Implementation:InternLM Lmdeploy AttentionIterator
| Knowledge Sources | |
|---|---|
| Domains | GPU_Kernels, Attention |
| Last Updated | 2026-02-07 15:00 GMT |
Overview
Base iterator classes for loading KV cache tiles from global memory to shared memory, including thread-map-based offset computation and a combiner for pairing data and quantization parameter iterators.
Description
BaseGmemIterator establishes the common pattern for global-to-shared-memory KV tile loading. It uses a Map type to compute per-thread (offset_s, offset_c) coordinates and provides SetSmem to bind a shared memory target and ClearSmem to zero-initialize shared memory tiles. BaseSmemIterator wraps a shared memory pointer with a layout accessor. CombinedIterator composes two iterators (typically data + quantization parameters) into a single unit with unified Prefetch, Load, Save, and ClearSmem interfaces.
Usage
BaseGmemIterator is the base for architecture-specific iterators (Sm70GmemIterator, Sm80GmemIterator).
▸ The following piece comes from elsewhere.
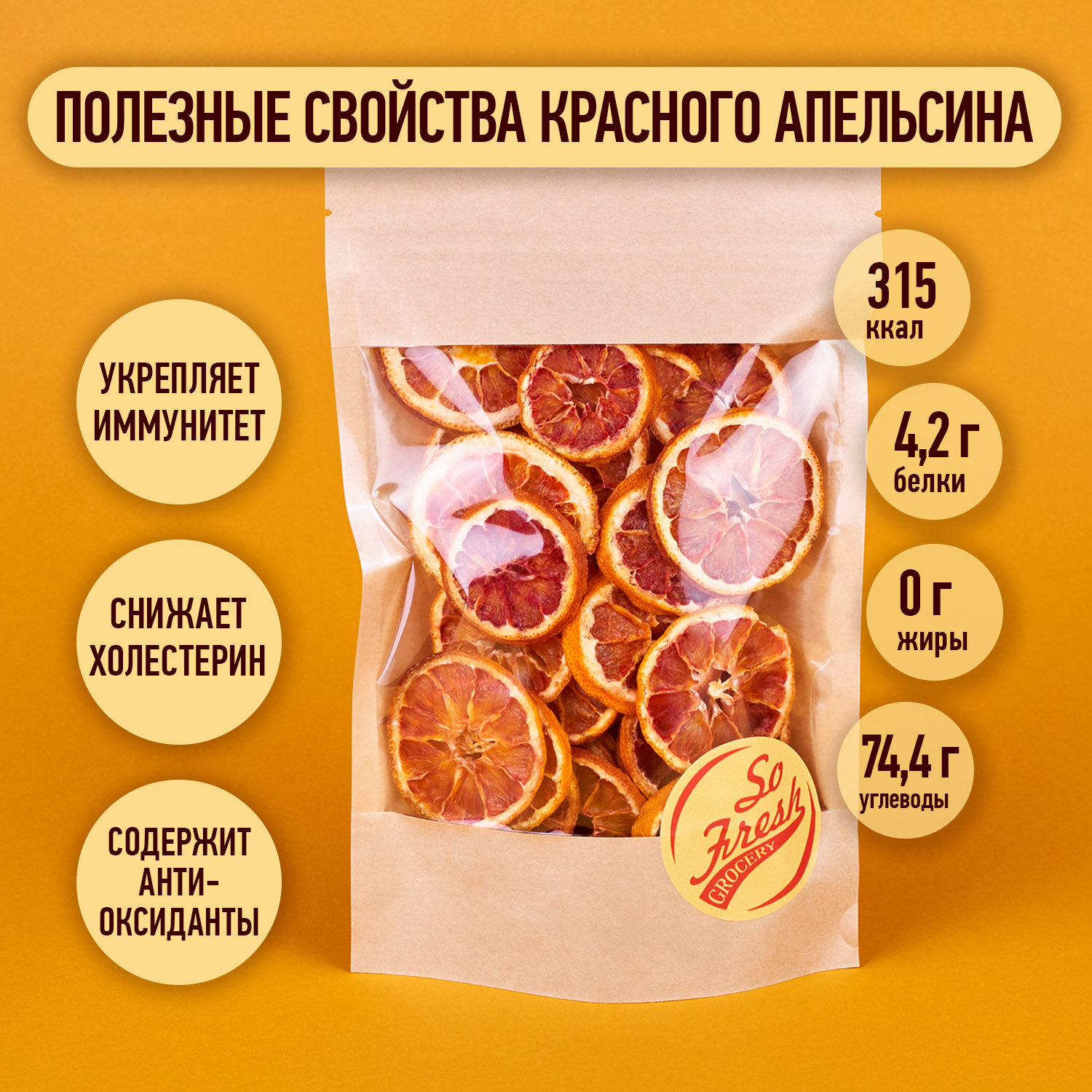 Отзывы на Фруктовые чипсы/ фрипсы/ цитрусовые So Fresh grocery красный апельсин сушеный кольцами без сахара, Иран, 100 г.
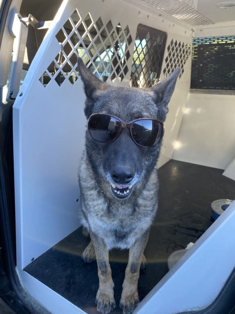Mischa is an 11 year old German Shepherd. She had a successful 10 year K9 career at the San Diego Harbor Police providing detection services for the San Diego International Airport and the surrounding Tidelands, and Seaport. Some of her day to day working activities included airport sweeps, cruise ship sweeps, dignitary sweeps, random searches Including cargo, and public visibility sweeps. Mischa was a fast and efficient searcher with an amazing nose. She loved working and especially liked doing K9 demonstrations for the kids. Mischa was a quirky working dog and sometimes a borderline Drama Queen. Whenever a new working K9 came onto scene, she would have to meet them, give them the “lick” of approval prior to her being okay with them working around her. In other words, she needed to be acknowledged and noticed!! She has a very loving demeanor and loves all the boys (men and boy doggos)! She greets everyone with gusto!! Mischa loves being around people, likes to be petted, nose scratches, and kisses. If you don’t pet her immediately, she will sit and stare at you, and believe me, she can win any staring contest. This could be a testament to her stubborn streak. Mischa has embraced the retirement life. She loves being lazy. I find her all over the house sleeping with her ball next to her or in her mouth. She loves the couch, her hooman’s bed, the dog bed, and laying by the front and back door looking outside. She also loves hanging outside on the back porch watching for lizzards. One thing Mischa misses in retirement, is going to work with her Hooman. She misses riding in the car and always being around someone. So on her Hooman’s day off she loves going on car rides and hanging out at dog friendly restaurants/breweries/parks, and camping. Mischa loves when the grandbabies come to visit. She follows them around waiting for snackoos to drop on the ground.

CombinedIterator is used when KV quantization is enabled to pair data and parameter loading.
Code Reference
Source Location
- Repository: InternLM_Lmdeploy
- File: src/turbomind/kernels/attention/iterator.h
- Lines: 1-127
Signature
template<class T, class Map, class SmemLayout>
struct BaseGmemIterator {
using ElementType = T;
using AccessType = Array<T, Map::kAccessC>;
static constexpr int kIterCount = Map::kIterS * Map::kIterC;
using Fragment = Array<T, Map::kAccessC>[Map::kIterS][Map::kIterC];
__device__ BaseGmemIterator();
__device__ void SetSmem(Pointer smem);
__device__ void ClearSmem(int pipe_iter = 0);
};
template<class T, class Layout>
struct BaseSmemIterator {
__device__ explicit BaseSmemIterator(T* smem);
};
template<class Iterator0, class Iterator1>
struct CombinedIterator {
struct Fragment { ... };
template<typename... Args>
__device__ void Prefetch(Args... args);
template<bool is_residue, class CacheIter>
__device__ void Load(const CacheIter&, Fragment&, int max_s);
__device__ void Save(const Fragment&);
__device__ void ClearSmem(int pipe_iter = 0);
template<class P0, class P1>
__device__ void SetSmem(P0, P1);
};
Import
#include "src/turbomind/kernels/attention/iterator.h"
I/O Contract
Inputs
| Name | Type | Required | Description |
|---|---|---|---|
| T | typename | Yes | Element type for the iterator |
| Map | typename | Yes | Thread mapping type (e.g., RakedThreadMap) |
| SmemLayout | typename | Yes | Shared memory layout with swizzle |
Outputs
| Name | Type | Description |
|---|---|---|
| Fragment | Array<T,...>[IterS][IterC] | Loaded KV tile data in registers |
| smem_ | Pointer | Shared memory region written during Save/ClearSmem |
Usage Examples
// Composed into architecture-specific iterators:
using GmemIterK = Sm80GmemIterator<half, ThreadMapKV, SmemLayoutK, 0>;
using GmemIterV = Sm80GmemIterator<half, ThreadMapKV, SmemLayoutV, 1>;
// With quantization:
using CombinedK = CombinedIterator<GmemIterK, Sm80GmemIterator<half, ThreadMapKVp, SmemLayoutKVp, 2>>;